What is expected:
Output the listing below verbatim, but drop the images.

Recorded information:
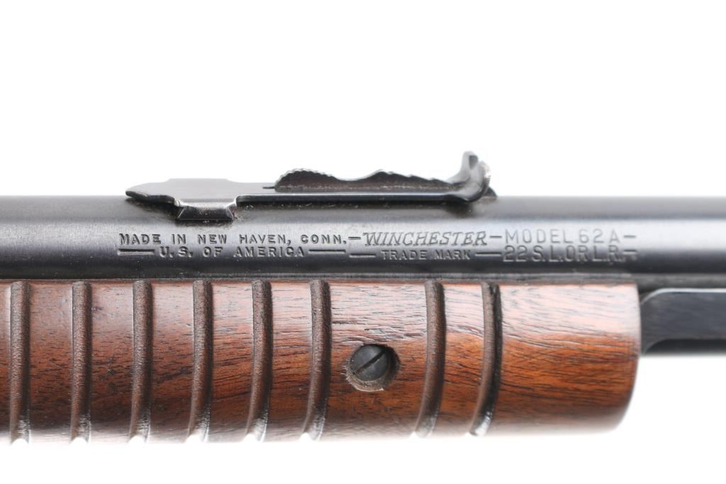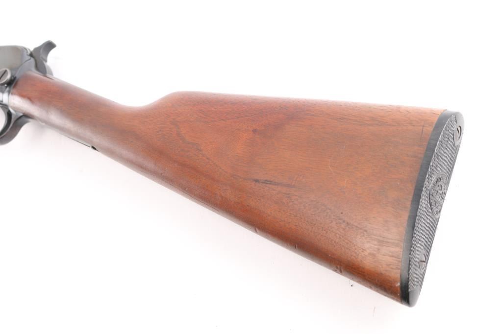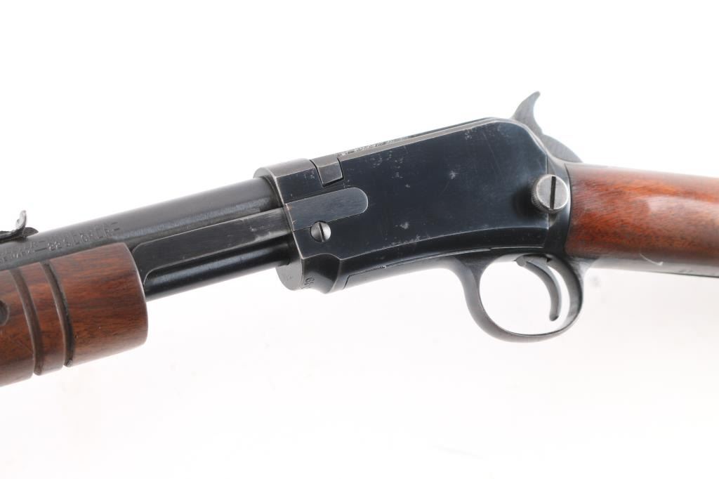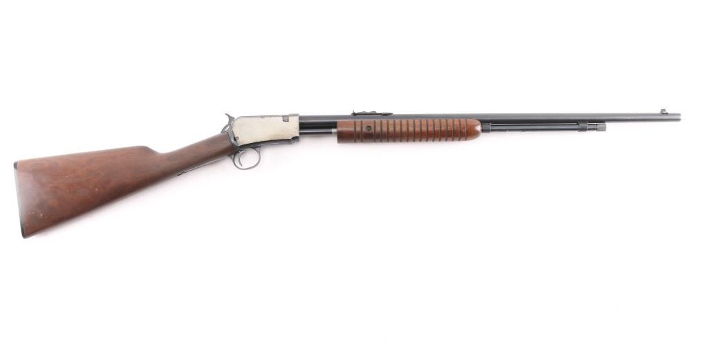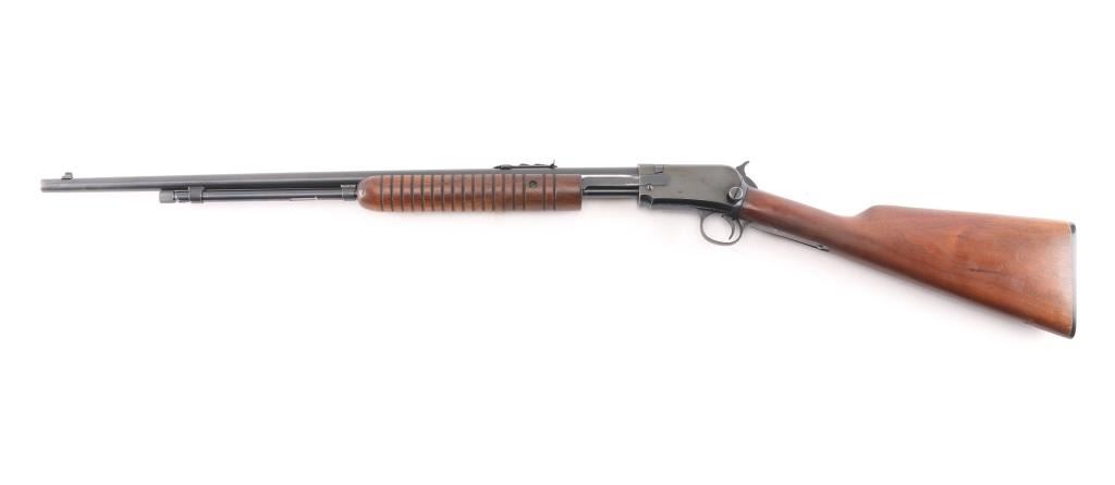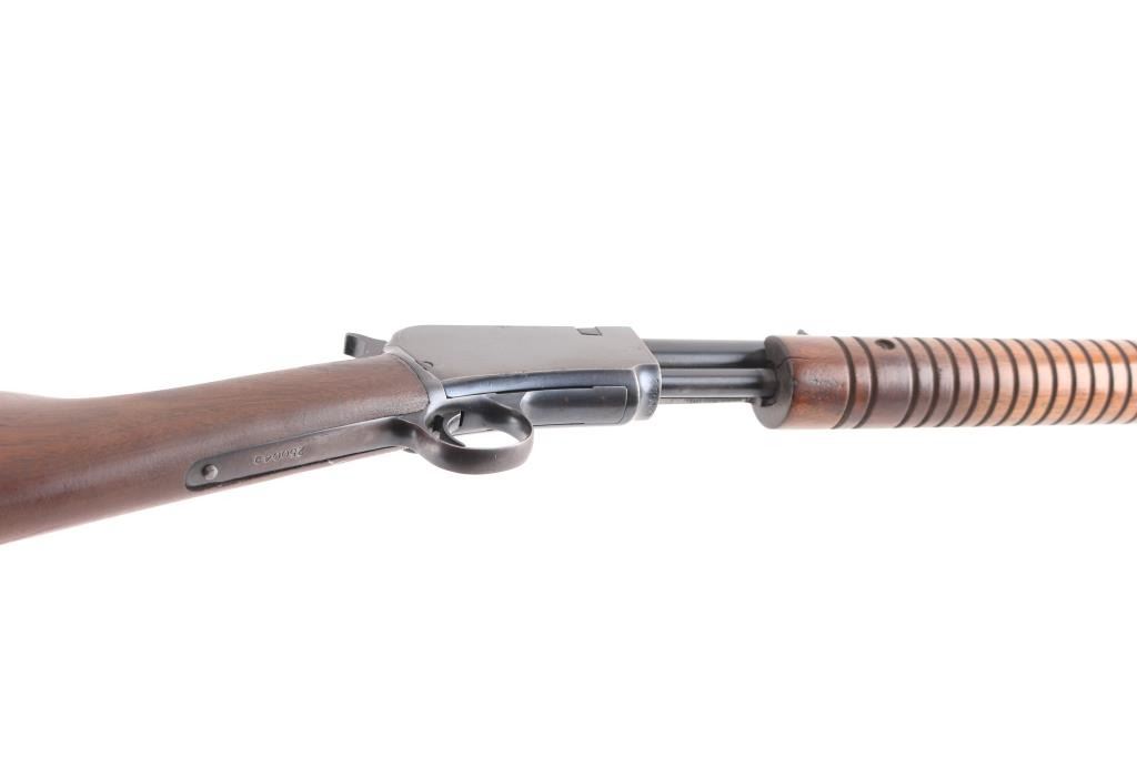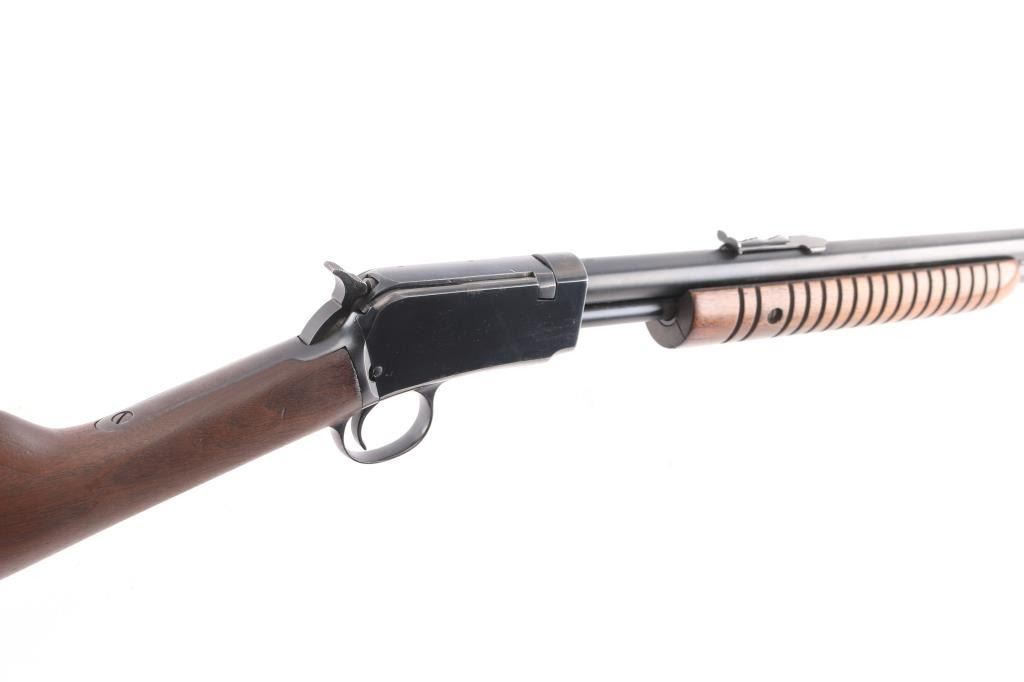 American made slide action, rimfire rifle chambered for .22 Short, Long and Long Rifle cartridges, circa 1947. It sports a 23" round barrel with 3/4 magazine tube, a blued finish, dovetailed blade/bead front sight, adjustable rear sporting sight, take-down receiver, serrated hammer spur, smooth trigger, grooved walnut slide handle and smooth straight grip shoulder stock with factory hard rubber buttplate. Bore is excellent/bright, blue finish is about 94% with some very minor scratches, and handling wear on the tangs/triggerguard, There is some very minor spots of pitting on the receiver, barely noticeable. wood is near excellent with some minor scratches/dings, action is crisp/smooth. Matching serial number on receiver, & lower tang.
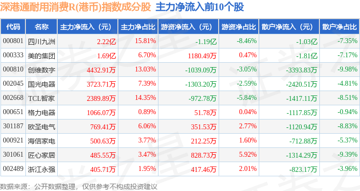 资金流向方面,深港通耐用消费R(港币)(483050)指数成份股当日主力资金净流出合计2.45亿元,游资资金净流出合计6241.25万元,散户资金净流入合计3.07亿元。成份股资金流向详情见下表:
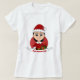 Camiseta feminina ilustrada por uma menina feliz sorridente de cabelo preto curto, ela está vestindo fantasia vermelha e branca do Papai Noel e segurando um presente; com texto editável modelo para seu nome ou mensagem, design de Natal com fundo vermelho
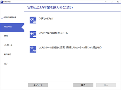 実施したい作業を選んでください画面で[プリンターの接続先の変更(無線ルーターが替わった場合など)]を選択して、[次へ]をクリックします。

Result:
 American made slide action, rimfire rifle chambered for .22 Short, Long and Long Rifle cartridges, circa 1947. It sports a 23" round barrel with 3/4 magazine tube, a blued finish, dovetailed blade/bead front sight, adjustable rear sporting sight, take-down receiver, serrated hammer spur, smooth trigger, grooved walnut slide handle and smooth straight grip shoulder stock with factory hard rubber buttplate. Bore is excellent/bright, blue finish is about 94% with some very minor scratches, and handling wear on the tangs/triggerguard, There is some very minor spots of pitting on the receiver, barely noticeable. wood is near excellent with some minor scratches/dings, action is crisp/smooth. Matching serial number on receiver, & lower tang.
 资金流向方面,深港通耐用消费R(港币)(483050)指数成份股当日主力资金净流出合计2.45亿元,游资资金净流出合计6241.25万元,散户资金净流入合计3.07亿元。成份股资金流向详情见下表:
 Camiseta feminina ilustrada por uma menina feliz sorridente de cabelo preto curto, ela está vestindo fantasia vermelha e branca do Papai Noel e segurando um presente; com texto editável modelo para seu nome ou mensagem, design de Natal com fundo vermelho
 実施したい作業を選んでください画面で[プリンターの接続先の変更(無線ルーターが替わった場合など)]を選択して、[次へ]をクリックします。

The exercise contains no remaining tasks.